Kingstonite, ideally Rh3S4, is a new mineral from the Bir Bir river, Yubdo District, Wallaga Province, Ethiopia. It occurs as subhedral, tabular elongate to anhedral inclusions in a Pt-Fe nugget with the associated minerals isoferroplatinum, tetraferroplatinum, a Cu-bearing Pt-Fe alloy, osmium, enriched oxide remnants of osmium, laurite, bowieite, ferrorhodsite and cuprorhodsite. It is opaque with a metallic lustre, has a black streak, is brittle and has a subconchoidal fracture and a good cleavage parallel to [001]. VHN25 is 871–920 kg/mm2. In plane-polarized reflected light, kingstonite is a pale slightly brownish grey colour. It is weakly pleochroic and displays a weak bireflectance. It does not possess internal reflections. The anisotropy is weak to moderate in dull greys and browns. Reflectance data and colour values are tabulated. Average results of twenty electron microprobe analyses on four grains give Rh 46.5, Ir 16.4, Pt 11.2, S 25.6, total 99.7 wt.%. The empirical formula is (Rh2.27Ir0.43Pt0.29)∑2.99S4.01, based on 7 atoms per formula unit (a.p.f.u.). Kingstonite is monoclinic (C2/m) with a = 10.4616(5), b = 10.7527(5), c = 6.2648(3) Å, β = 109.000(5)°, V = 666.34(1) Å3 (Z = 6). The calculated density is 7.52 g/cm3 (on the basis of the empirical formula and unit-cell parameters refined from powder data). The seven strongest X-ray powder-diffraction lines [d in Å(I) (hkl)] are: 3.156 (100) (310), 3.081 (100) (1̅31), 2.957 (90) (002), 2.234 (60) (202), 1.941 (50) (2̅23), 1.871 (80) (4̅41) and 1.791 (90) (060, 1̅33). The structure of kingstonite was solved and refined to Rp = 3.8%. There are four distinct metal sites with Rh occupancies of 0.64–0.89. Two metal sites are regular RhS6 octahedra that share edges to form a ribbon running parallel to c. The other two metal sites are coordinated by 4 S + 2 Rh and 5 S + 2 Rh and define a puckered Rh6 ring. The ribbons of regular RhS6 octahedra alternate with the columns of Rh6 rings linked by S atoms.

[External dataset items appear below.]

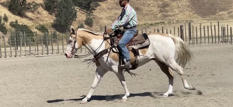 ONLINE AUCTION PLACE YOUR BIDS AT PLATINUMEQUINEAUCTION DOT COM $3500 STARTING BID AUCTION ENDS JUNE 30TH We are proud to introduce this beautiful palomino paint gelding. He is 11 years old,14.3 hands tall and picture perfect. Dice has everything you could want all in one package. Dice rides like one should low headed collected and very correct. Dice is a friendly, easy horse and is accommodating for all level riders. He is absolutely safe and knowledgeable horse and will adapt for his riders ability. He is luxurious, comfortable and stylish! He has a resume a mile long from every day ranch duties, to rodeos, head horse, family horse, sensible trail companion you name it he will do it. Dice is super broke spins, slides and has elegant transitions in his gaits. He has had natural horsemanship training and is very soft and supple on the ground as well as on his back. He gives off pressure very well he will flex both directions and at the poll. He is the kind of horse you can trust! He will run a cow down, then turn around put the kids on him and he will slow walk all day long he is the most versatile horse you will ever be lucky enough to swing your leg over. He is absolutely gentle. Dice side passes, pivots and has a rocking chair lope you can sit for days. He is good to catch great for the farrier, loads and unloads with ease, stands tied, easy to saddle and bridle. Dice has gathered cattle in steep country and will cross anything you may come across, brush, downed trees and cross the deepest water. Dice is amazing on the trail and just puts his head down and goes with the flow. He has been in some ranch trail and goes over the teetering bridge, over the tires, logs, covered wagon with ease and confidence. He has been rode down busy streets, carried flags and doesn’t mind tarps or balls whatsoever. Dice will fit the everyday cowboy or the leisurely trial rider. Due to his gentle demeanor he will fit a family that needs a horse that different abilities can ride. Dice is a very easy going gelding that makes him such a pleasure to have around. He is at the prime of his life and has so much knowledge it is truly priceless. Dice has absolutely no vices he is solid sane and an a very intelligent horse. We have truly enjoyed every minute of owning this beautiful gelding and he will be greatly missed. We know he will be the absolute barn favorite wherever he goes. He has a friendly disposition and will steal your heart. Please feel free to call and make an appointment to come meet him or with any questions you may have contact Longhorn Ranch Dina 831-537-1915 Located in Paicines Ca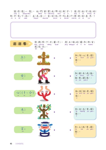 請你想一想,他們會變成哪些新字?請你把可能的 新字寫下來,並且查一查這些字代表什麼新的意思? 請觀察下方圖片,將正確的圖和部首 連連看 連起來。 和內心有關 土 係。 和樹木或植 女 物有關係。 心( ) 和說話有關 係。 木 和女生有關 係。 言 和土地有關 係。 46 文字好好玩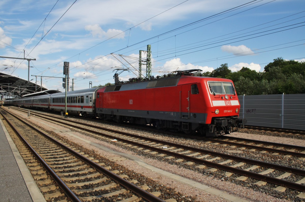 Hier 120 148-2 mit IC2154 von Leipzig Hbf. nach Wiesbaden Hbf., bei der Ausfahrt am 19.8.2014 aus Erfurt Hbf.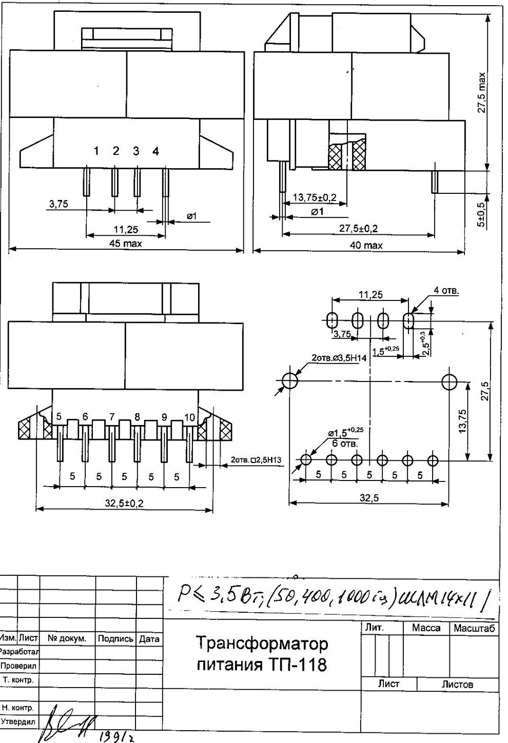 Трансформатор ТП-118-(3,5 Вт)- любые выходные параметры в пределах мощности типоразмера, частота сети 50, 400, 1000 Гц На данном типоразмере серийно изготавливается более 185 типономиналов Трансформатор питания ТП-118 (3,5 Вт) ГОСТ 14233-84 (50,400,1000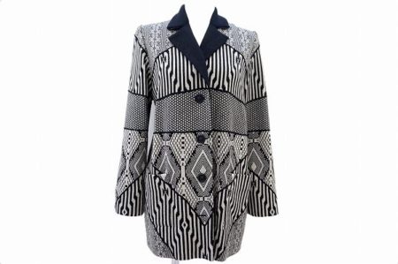 斉藤都世子のニットジャケットを出張買取にて買取しました。どこか目を惹く上品かつ印象的な柄で遊び心のあるニットジャケットです。ブラックの存在感抜群な襟がしっかりした雰囲気と同時に引き締まった印象にしてくれます。どんなカラーのボトムスも持ってきやすいのが嬉しいですね。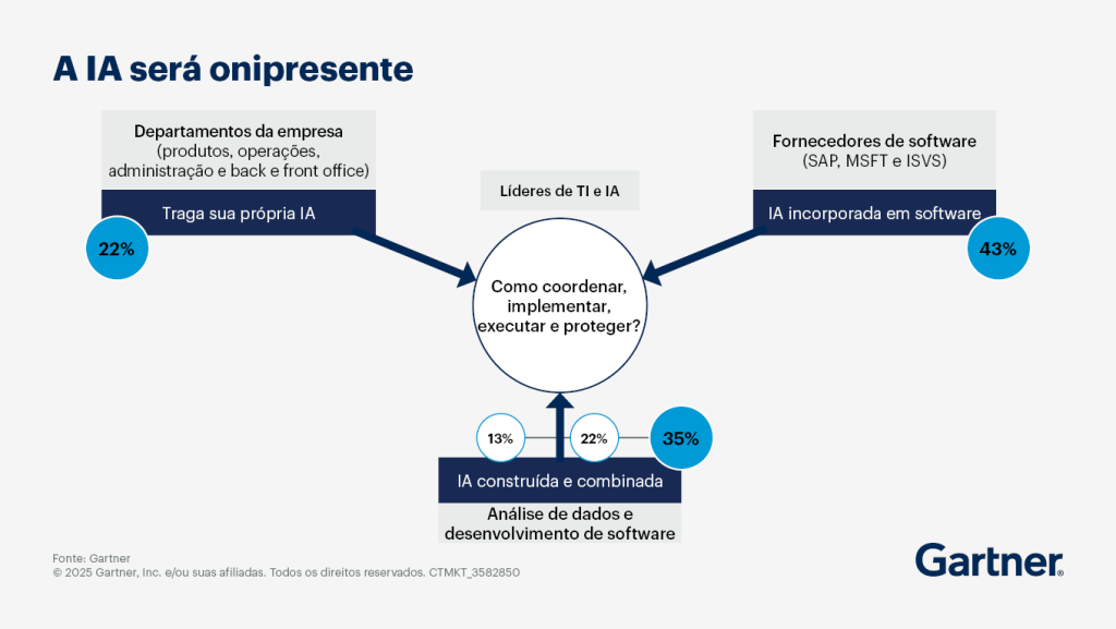 A imagem da Gartner que analisamos mostra, de forma clara, como a Inteligência Artificial está sendo adotada por múltiplas frentes dentro das empresas: ela vem dos fornecedores de software, emerge das áreas técnicas internas e também é trazida de forma autônoma pelos próprios departamentos de negócio. Com tanta gente “colocando IA na mesa”, surge uma questão inevitável: quem está coordenando esse ecossistema?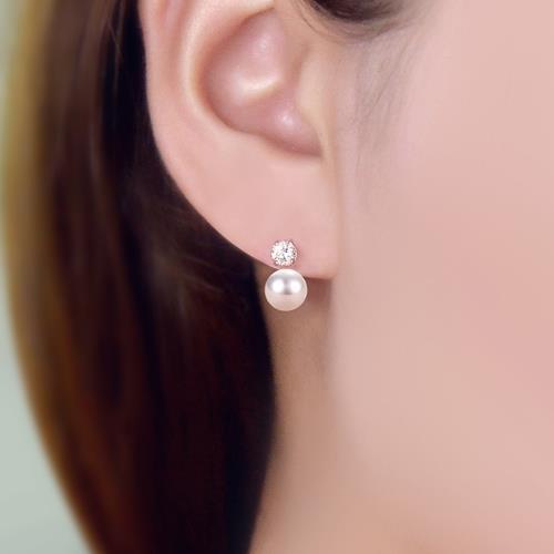 【Emi艾迷】韓國925銀針簡約系列點鑽珍珠耳環

S–S bridges also connect the ribbons and columns. As such, the kingstonite structure is essentially that of synthetic Rh3S4. Minor differences in the unit-cell parameters, atom coordinates and displacement parameters of kingstonite and synthetic Rh3S4 arise from the considerable substitution of Ir for Rh. The mineral name honours Gordon Kingston (formerly of Cardiff University) in recognition of his contributions to platinum group element mineralogy and the geology of their mineral deposits.